This means that if you’re younger and healthier, insurers and brokers may hard-sell you to sign up for health coverage with nicknames — “short” or “skinny” or “skimpy” or “association” plans. They will be sold as costing you less, with monthly premiums as low as $100. The short plans cover you for less time, typically under a year, though the Trump administration wants this stretched longer. (This was how the plans started — as a short-duration bridge or to span coverage gaps.) These plans also contain pages of fine print, describing limits, what makes them “skinny” in what they will pay for and what they won’t, if you go to your doctor or hospital. Many aren’t “ACA compliant,” meaning that protections consumers have grown accustomed to will be absent.
These plans are not new. They were around before Obamacare tried to put them out of business. During that time, too many patients learned too late that they had thrown away even the lesser sums they paid for short-term plans because, when needed, they covered next to nothing. Companies that peddled these policies not only had a propensity to deny all but a few claims, they also had bad habits of disappearing when patients and watchdogs chased them for services and sums owed.

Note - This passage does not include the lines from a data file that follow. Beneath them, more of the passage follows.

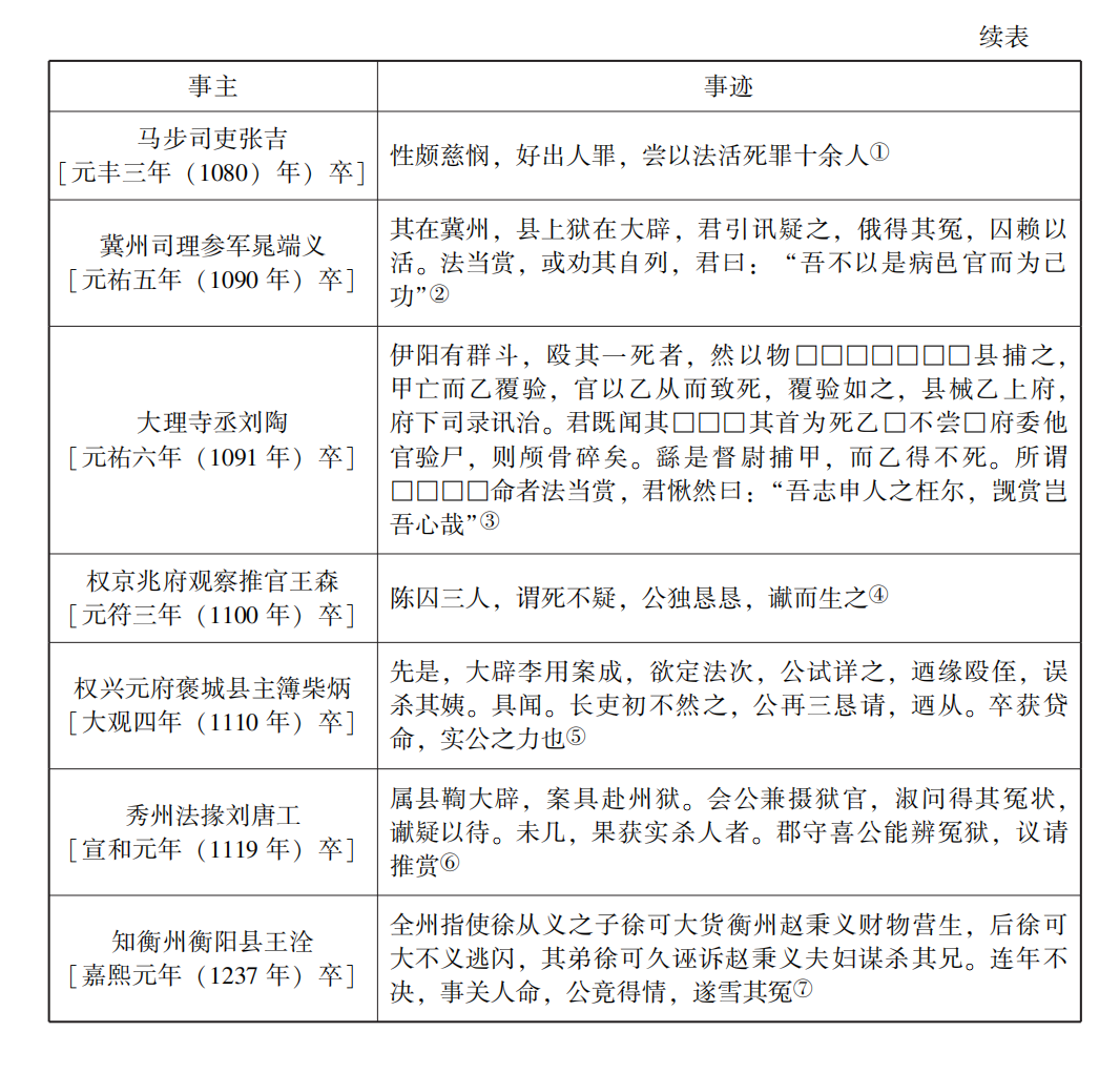 后因樞密直學士寇凖推薦,淳化元年(990年)冬十月乙巳,太宗面命若水為秘書丞、直史館。與倪若水基于官德修養放棄雪活酬賞事跡相類,慶歷初年,朱定國擔任池州、貴州主簿時,以平反死獄,遷饒州軍事判官。元豐四年(1081年)新官制行,“著令京朝官致仕,歷任有勞績,則以全俸寵之。公以貴池雪活之故,可應格。或勸君自陳,君曰:‘吾勤勞職事,夙夜匪懈,猶懼無以報廩祿之賜,今竊半俸老田里,又得一子祿養,恩已厚矣,敢較其他乎?’竟不言。”治平年間,梁彥回[慶歷五年(1045年)進士]“在獄令為雪活二人,而君終不自言。或問所以?答曰:‘初非不欲言,念一言之蒙賞甚輕,而有司坐深故之罰重矣。夫以重罰易輕賞,豈我所為哉?’人以長者許之。”新出晁端義墓志、劉陶墓志所錄志主事跡,則可與傳世文獻棄言酬賞事例相互參照。冀州司理參軍晁端義[元祐五年(1090年)卒]墓志:“其在冀州,縣上獄在大辟,君引訊疑之,俄得其冤,囚賴以活。法當賞,或勸其自列,君曰:“吾不以是病邑官而為己功。”大理寺丞劉陶[元祐六年(1091年)卒]墓志載劉陶處置伊陽群斗命案,雪活某乙性命,“所謂□□□□命者法當賞,君愀然曰:“吾志申人之枉爾,覬賞豈吾心哉?”法官放棄酬賞申報,主要基于兩點考慮:其一,查明案情、糾正冤案當為有司職守,不應額外獎賞。由此亦可發現,專門設置的雪活酬賞規則,其目的正在于試圖解決官吏懈怠政事、滋生冤獄這一嚴重問題。其二,獲得雪活酬賞必然揭露原判錯誤或推官舞弊,因此,后任獲得酬賞必以前任遭遇懲罰為代價。從君子之德抑或官僚階層整體利益權衡,時有官員放棄雪活酬賞申報。因此,放棄酬賞的雪冤事例,雖是宋代司法之個案現象,卻深刻反映了唐宋之際雪活規則輕重失衡的內在弊病,以及實踐層面部分官吏貪功冒進,炮制雪活的丑態劣跡。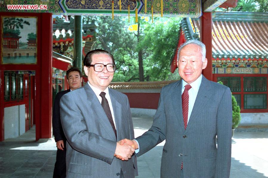 File photo taken on May 18, 1993 shows then Chinese President Jiang Zemin (L) meeting with Lee Kuan Yew, in Beijing, capital of China. Lee Kuan Yew, former prime minister of Singapore, died at 3:18 am on March 23, 2015 at the age of 91, according to a statement released by the Prime Minister's Office (PMO). (Xinhua/Ma Juntian) |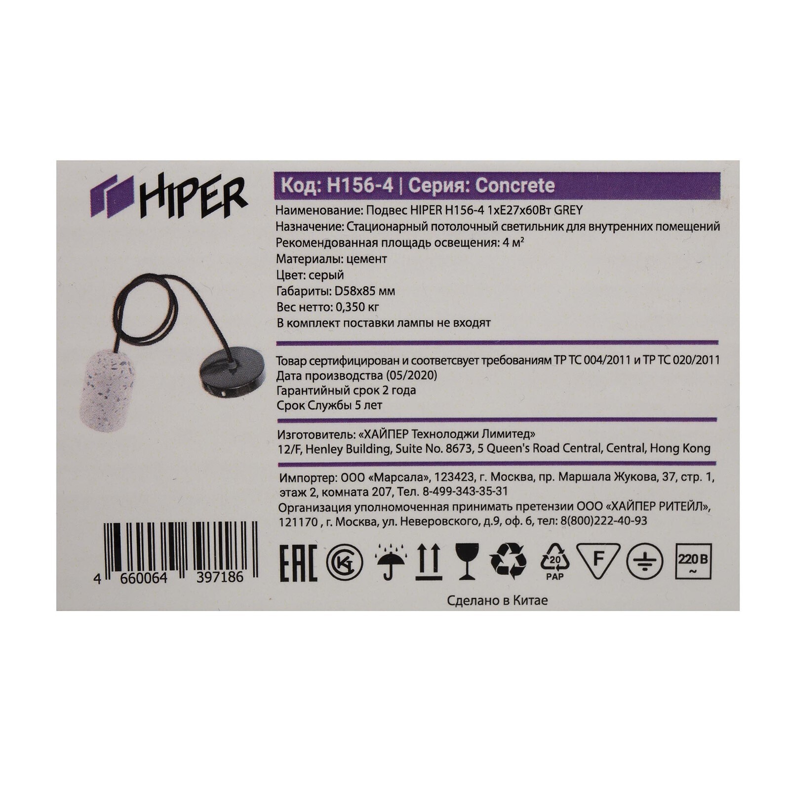 Подвес, 60Вт, E27, 5,8x5,8x8,5 см, цвет серый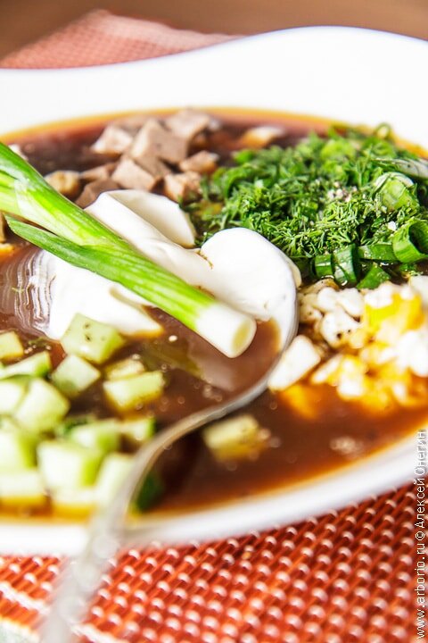 Окрошка — одно из гениальных блюд русской кухни, которое можно смело ставить в один ряд с такими холодными супами, как гаспачо, таратор или вишисуаз. Правда, найти хорошую окрошку бывает затруднительно — зачастую вместо бодрящего, пикантного, освежающего летнего кушанья этим словом называют непонятное месиво с докторской колбасой, залитое сладким квасом. Между тем, приготовить классическую русскую окрошку совсем несложно, зато в результате у вас получится самый настоящий деликатес! А то стыдно ведь — третье тысячелетие на дворе, а мы до сих пор оливье квасом заливаем, и хорошо ещё, если без майонеза. Рецепт классической окрошки на квасе Сложность средняя Время 15 минут Ингредиенты 4-6 порций 800 г мяса (варёной или печёной говядины, курицы, свинины, дичи, ветчины и т.п.) 4 яйца 4 свежих огурца большой пучок зелёного лука пучок укропа горчица хрен сметана соль чёрный перец 1 л белого кваса или кваса для окрошки Правильная окрошка начинается с правильного мяса. Первоначал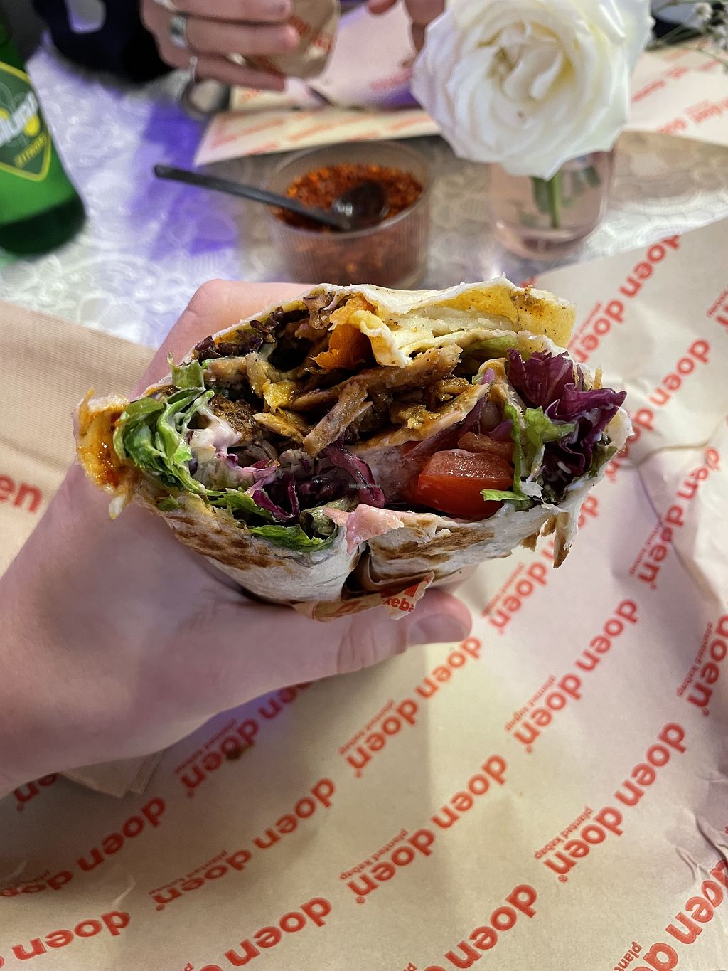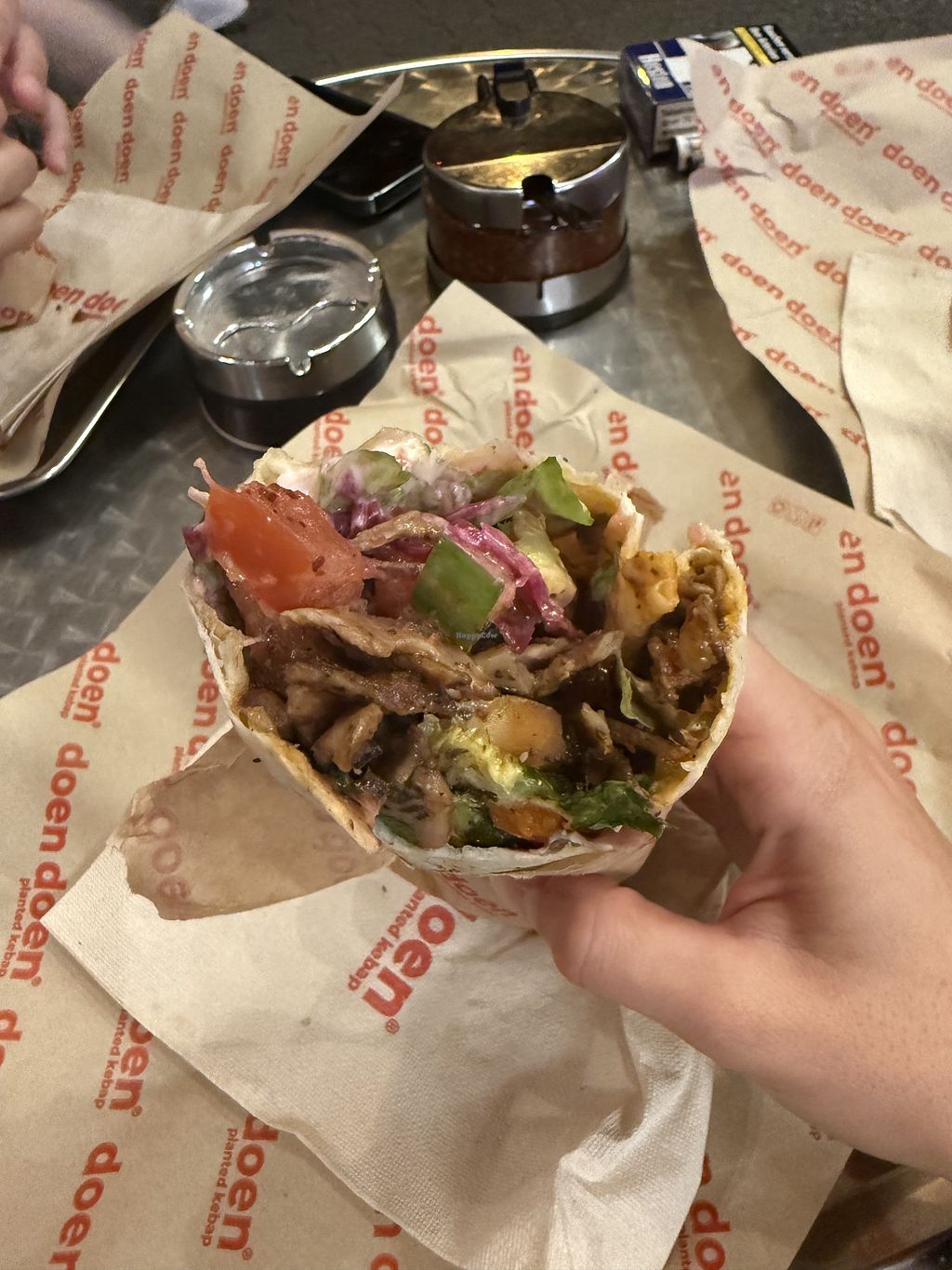 This is by far the best kebab I've ever had. Everything is vegan and amazing. We tried the doen doen original and it was huge and tasted like real kebab. 100% would come back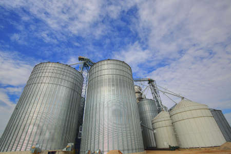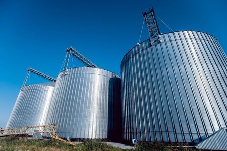 Modern silos for storing grain harvest. Agriculture. Background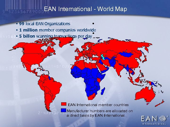 EAN International - World Map § 99 local EAN Organizations § 1 million member companies worldwide § 5 billon scanning transactions per day EAN International member countries Manufacturer numbers are allocated on a direct basis by EAN International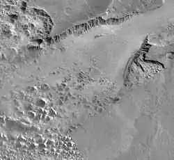 Eos Chaos—lies at southern edge of Eos Chasma, as seen by HiRISE. To see many fine layers click on image.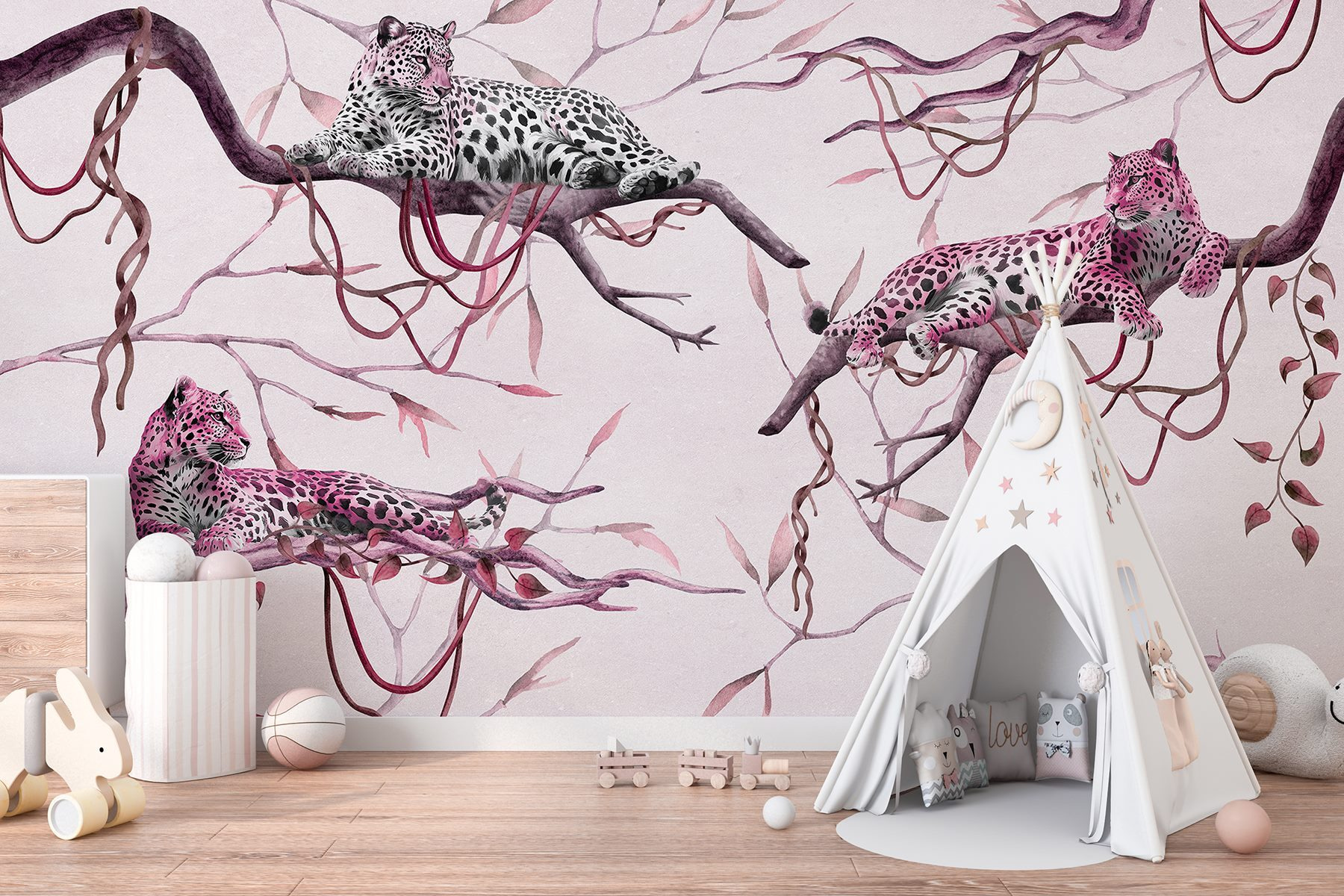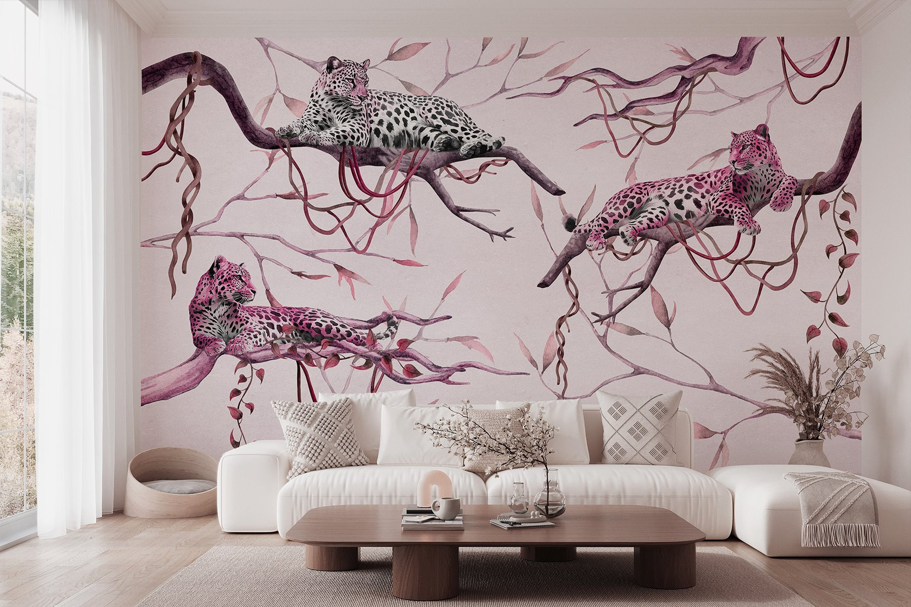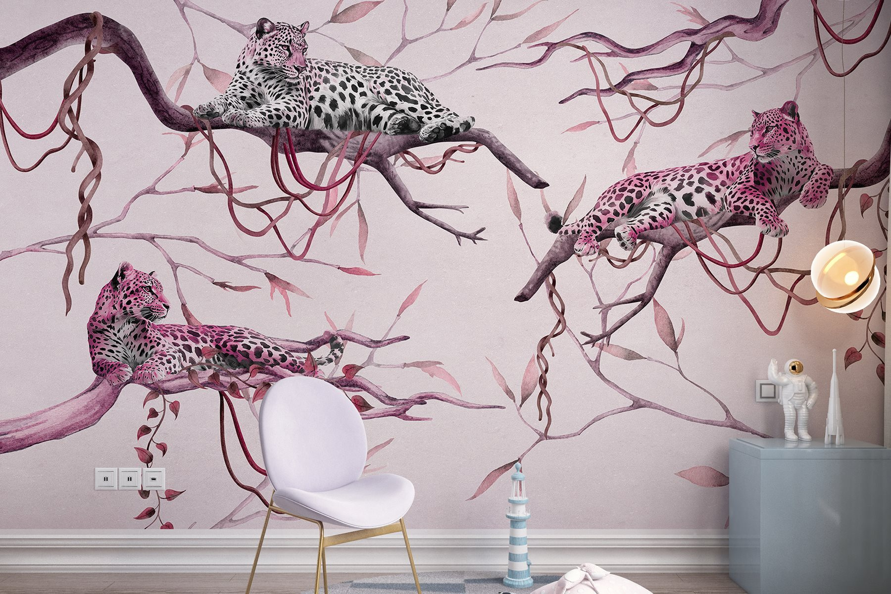 Premeňte svoj priestor na divoké útočisko s touto ohromujúcou nástennou maľbou, na ktorej je zobrazená skupina leopardov oddychujúcich na konári stromu. Tieto škvrnité krásky jasne vedia, ako relaxovať, a prinášajú uvoľnenú atmosféru, ktorá rozžiari každú miestnosť. Predstavte si, že sa každé ráno prebudíte s týmto výhľadom – posaďte sa s kávou a nechajte sa unášať pokojnou atmosférou. Jemné farby a zložité detaily vám dodajú pocit, ako keby ste mali kúsok tropov priamo u seba doma. Ideálne pre milovníkov zvierat alebo kohokoľvek, kto chce jedinečný výrazný kúsok. Tak neváhajte – nechajte tieto leopardy priniesť kúsok divočiny do vášho interiéru!

Caveat emptor, shop carefully, and know, by the way, that no matter how carefully customers read their short-term policies, experts like Andy Slavitt — who headed the Medicare and Medicaid programs in the Obama Administration — have warned that insurers and brokers always are ahead in figuring ways to get the most money while providing the fewest services. As Slavitt noted on Twitter: “Let me repeat: You will never know what’s in a Trumpcare Insurance plan for the simple reason that you will never be as good at reading fine print as insurance companies will be at writing it.”
If you’re wondering why ACA foes might be eager to promote skinny coverages, that’s easy to answer: They hope to undercut Obamacare by draining out of its “risk pools” healthier and younger Americans, who share in coverage costs but tend to rack up fewer expenses. The administration, according to critics, has made clear this goal, by saying it will cut money for outreach programs to increase ACA plans, while pushing skinny policies.
California, by the way, had such poor experiences with short-term plans for consumers in one of the nation’s largest markets that state lawmakers voted to ban them, and Gov. Jerry Brown has signed their bill to do so. New York state earlier had barred these policies, and Maryland and Hawaii have put limits on their length of coverage.
The three-S plans (short, skinny, and skimpy) have a close cousin, consumer advocates say. They may seem sound and even a good idea. They’re called association plans. They’re premised on the idea that like-minded groups of people, including multiple businesses or groups of churches or schools or the like, might band together to take advantage of their numbers to find and provide individuals cheaper and better health insurance.
This, too, is an old idea. It hasn’t worked before. Indeed, Americans need only look at the nation’s corporate titans to see how rich, savvy, giant enterprises — including those in the Fortune 500 — sweat and bleed while trying to deal with their employee health insurance plans. Health care is complex and fraught, so much so that even an outfit as legendarily tight (efficient) as Wal-Mart couldn’t find a path to cut medical costs, stymied by backroom deals among providers, particularly hospitals.
States, employers and groups nationwide have expressed frustration that the president and his allies will roll out association plans in 2019, without dealing with critical details that could make or break these.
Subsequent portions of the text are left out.